General disorders: allergic reactions, including pruritus, urticaria, rash, exanthema, eczema, bronchospasm, angioneurotic edema, Quincke's edema, urticaria, anaphylactic/anaphylactoid reactions, or even shock; there have also been reports of severe skin reactions such as Stevens–Johnson syndrome and Lyell's syndrome occurring during acetylcysteine treatment. In case of any changes in the skin or mucous membranes, patients should immediately consult a physician and discontinue acetylcysteine use.

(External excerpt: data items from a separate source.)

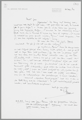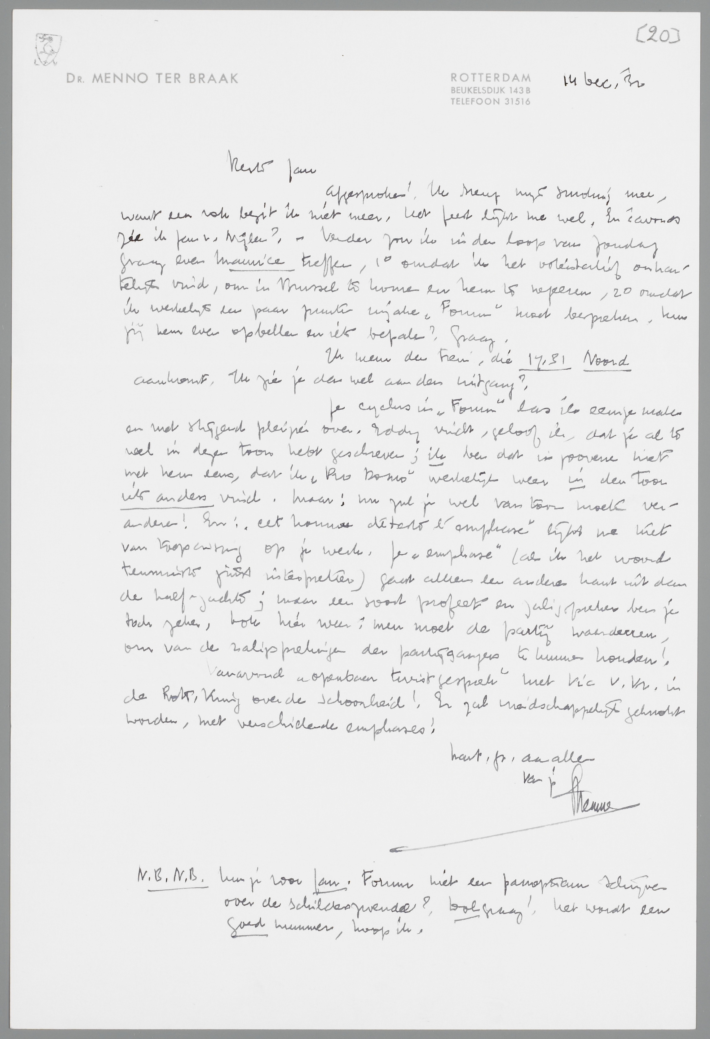 Je cyclus in ‘Forum’ las ik eenige malen en met stijgend pleizier over. Eddy vindt, geloof ik, dat je al te veel in dezen toon hebt geschreven; ik ben dat in zooverre niet met hem eens, dat ik ‘Pro Domo’ werkelijk weer in den toon iets anders vind. Maar: nu zul je wel van toon moeten veranderen! En: ‘cet homme déteste l'emphase’ lijkt me niet van toepassing op je werk. Je ‘emphase’ (als ik het woord tenminste juist interpreteer) gaat alleen een anderen kant uit dan de half-zachte; maar een soort profeet en zaligspreker ben je toch zeker, ook hier weer: men moet de partij waardeeren, om van de zaligsprekingen der partijgangers te kunnen houden!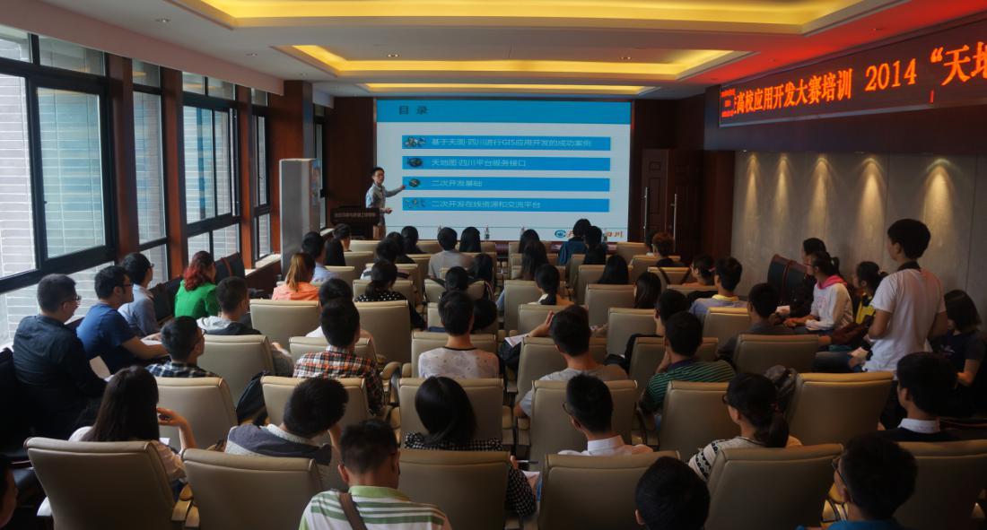 2014年9月27日,“天地图·四川”进高校应用开发大赛培训活动在蘑菇视频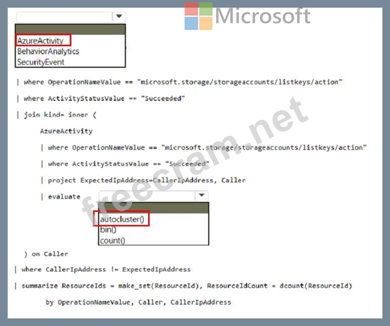 You need to create a hunting query to identify users that list storage keys of multiple Azure Storage accounts. The solution must exclude users that list storage keys for a single storage account.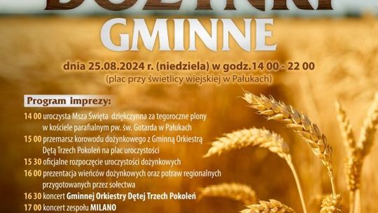 • Dożynki Gminne rozpoczną się o godz. 14:00 mszą świętą dziękczynną za tegoroczne plony w kościele parafialnym pw. św. Gotarda w Pałukach. Na godz. 20:00 przewidziana jest zabawa taneczna, którą poprowadzi DJ BLACK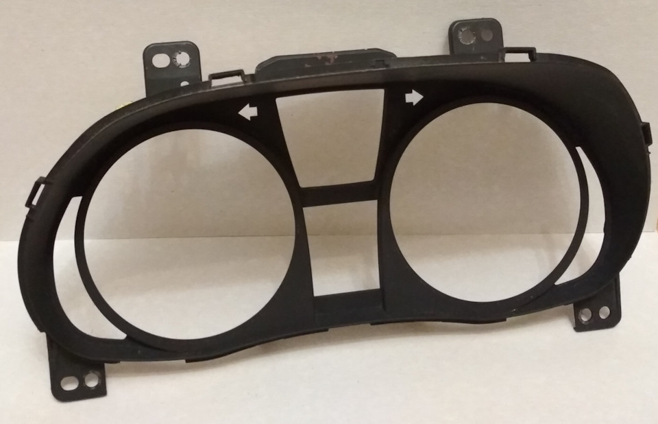Лицевая сторона родной панели Hyundai Solaris имеет сложную форму с двумя большими отверстиями для тахометра и спидометра и маленькими отверстиями для различных индикаторов. Имеется четыре точки для крепления панели приборов к торпедо.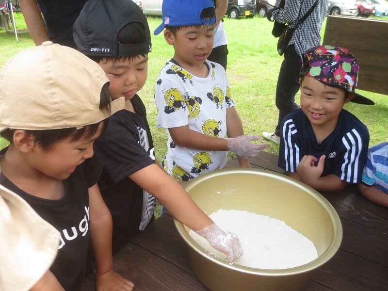 みんなで一緒に生地をこねるのが面白かった。手が真っ白になったけど、生地がモチモチして気持ちよかった。(小学2年生)

Reporting of side effects. Reporting of adverse reactions after drug registration is of great importance. It enables continuous monitoring of the benefit-risk balance of the drug. Medical and pharmaceutical professionals, as well as patients or their legal representatives, are encouraged to report all suspected adverse reactions and lack of drug efficacy via the Automated Pharmacovigilance Information System at the following link: https://aisf.dec.gov.ua.

Shelf life. 2 years from the date of manufacture of the drug in bulk packaging.

Storage conditions. Store in the original packaging at a temperature not exceeding 25 °C.

Keep out of reach of children.

Packaging. Tablets No. 10 in a blister pack in a box.

Dispensing category. Over-the-counter.

Manufacturer. Limited Liability Company "Pharmaceutical Company "Vertex".

Manufacturer's address and location of business activity.

33, Astronomichna Street, lit. "V-1", Kharkiv, Kharkiv region, 61085, Ukraine.